MATERIAL TO PROCESS Start Marker

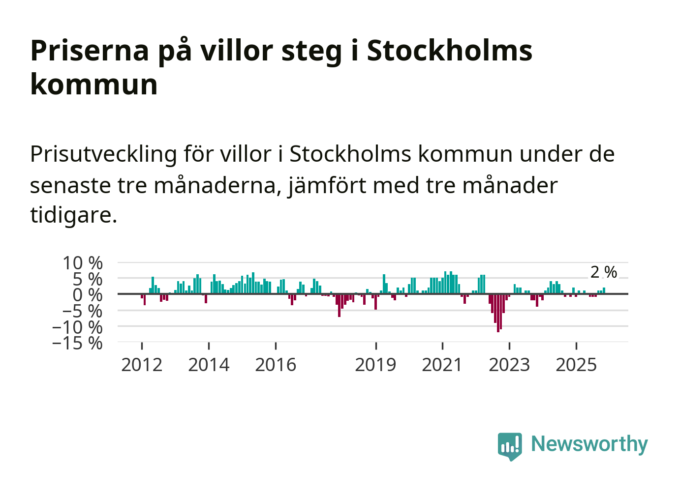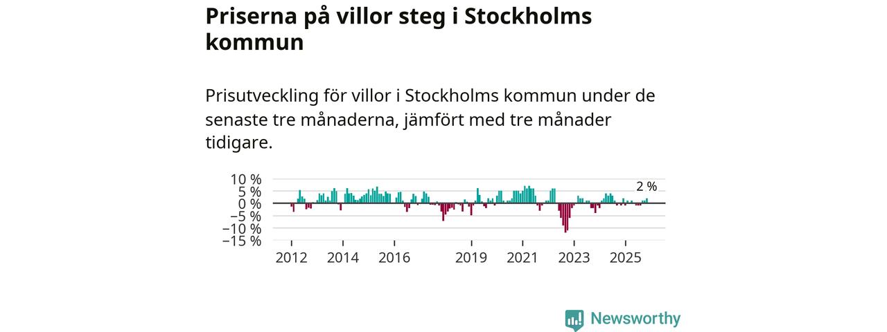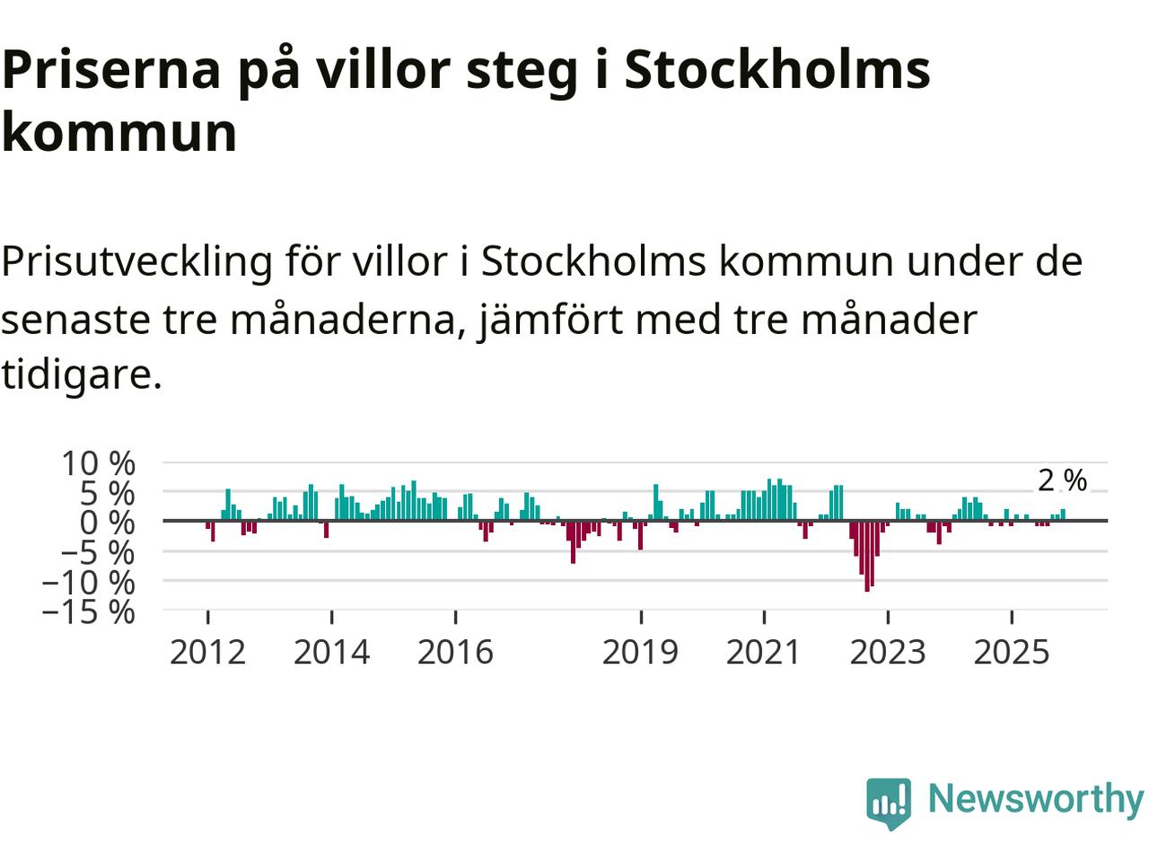 Statistiken visar även på en prisuppgång i Stockholms kommun. Medelpriset på försäljningarna av villor i kommunen var 2 procent högre än för tre månader sedan. Även i hela Stockholms län ökar villapriserna. I hela länet noterades en prisuppgång på 1 procent.
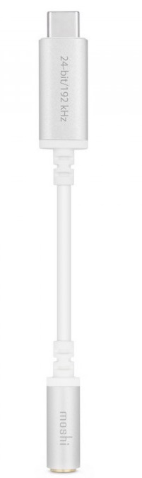 Audio Adapter MOSHI Type-C M / jack 3.5mm F, Silver USB-C to 3.5 mm stereo jack adapter This USB-C adapter lets you listen to music from your device’s USB-C port using regular headphones. A built-in DAC outputs high-resolution audio and features a Cl
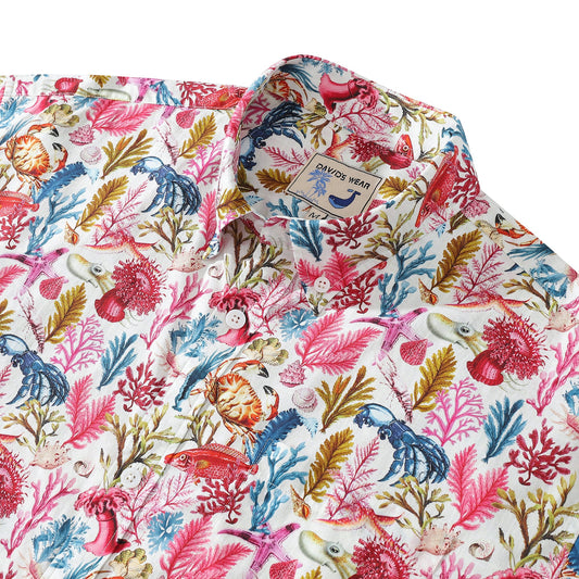 Hawaiian Shirt For Men Marine Life Print Short Sleeve Cotton Button Down - Rose Pink
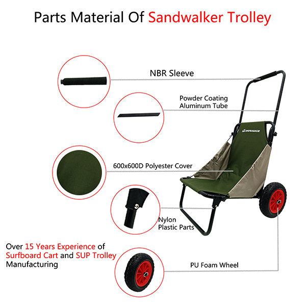 このカートを使用すると、ウォーター スポーツ用品をビーチまで簡単に運ぶことができます。広々としたデザインと頑丈な構造により、ギアを簡単に持ち運ぶことができます。
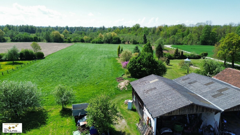 Wald- und Aulandschaften, Ackerflächen, malerische Streuobstwiesen. In dieser idyllischen Landschaft liegt eingebettet das erstmals in 1865 erwähnte landwirtschaftliche Anwesen. Die Hofstelle besteht aus dem neuwertigem Wohnhaus, dem alten Wohnhaus, sowie den früheren Stallungen und Wirtschaftsgebäuden.
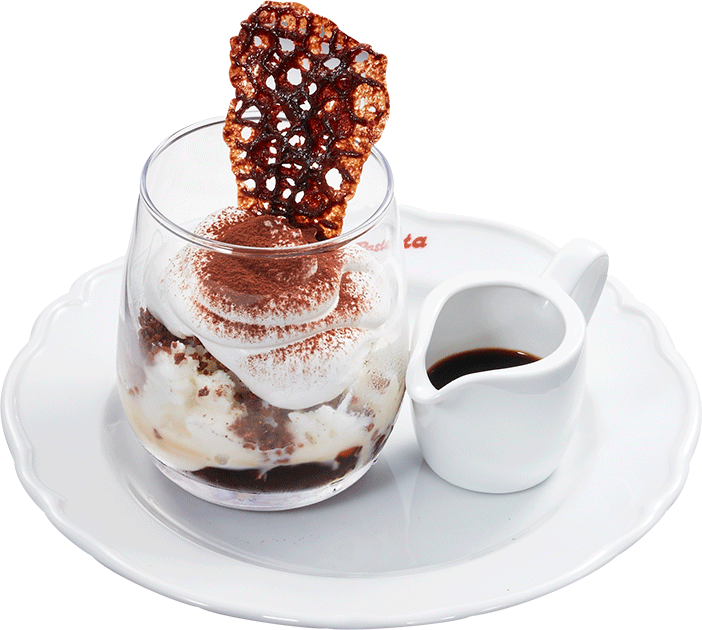 コーヒーゼリーとミルクグラニータ、チョコクランチ、ふんわりホイップをあわせ、ティラミス風に仕上げた一品です。ぷるぷるのコーヒーゼリー、シャリシャリのグラニータ、サクサクのチョコクランチ、クリーミーなふんわりホイップのマリアージュをお楽しみください。別添えの冷たいエスプレッソを加えると、よりすっきりとした、大人の味わいへの変化をご堪能いただけます。
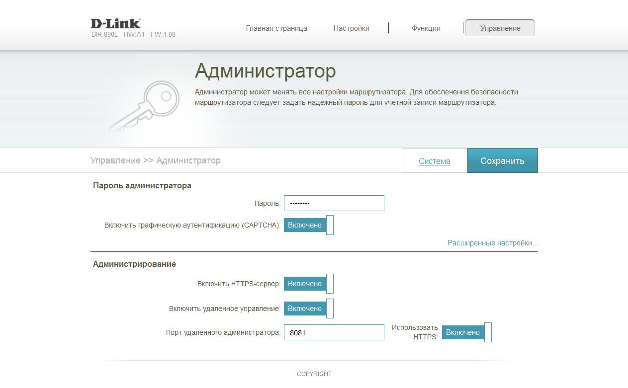 Набор системных функций вполне привычный — обновление прошивки, сброс/сохранение/восстановление конфигурации, перезагрузка роутера, изменение пароля администратора. Отметим, что есть интересная функция дополнительной защиты доступа к настройкам с использованием Captcha.
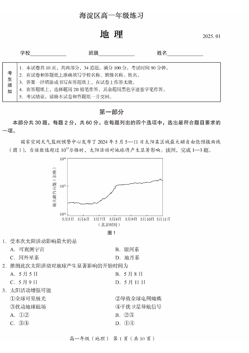 北京市海淀区2024-2025学年高一第一学期期末试卷 地理.pdf
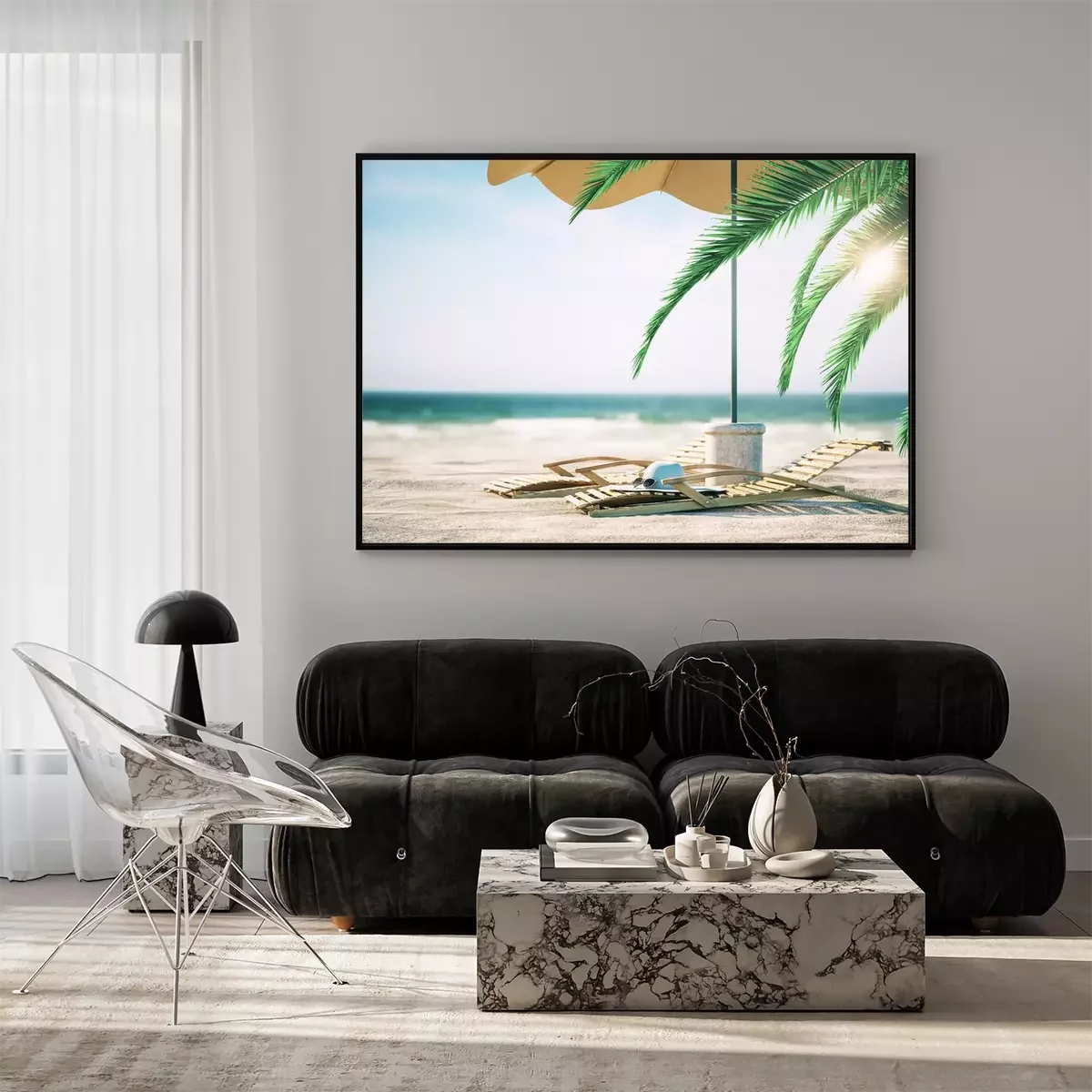 Poster : Transats sur une plage exotique

MATERIAL TO PROCESS End Marker

*YOUR ASSIGNMENT*
Your answer must reproduce exactly the lines from the line with "北京市海淀区2024-2025学年高一第一学期期末试卷 地理.pdf" through the end of the material, both ends included, with every picture dropped.

*ANSWER TO THE EXERCISE*
 北京市海淀区2024-2025学年高一第一学期期末试卷 地理.pdf
 Poster : Transats sur une plage exotique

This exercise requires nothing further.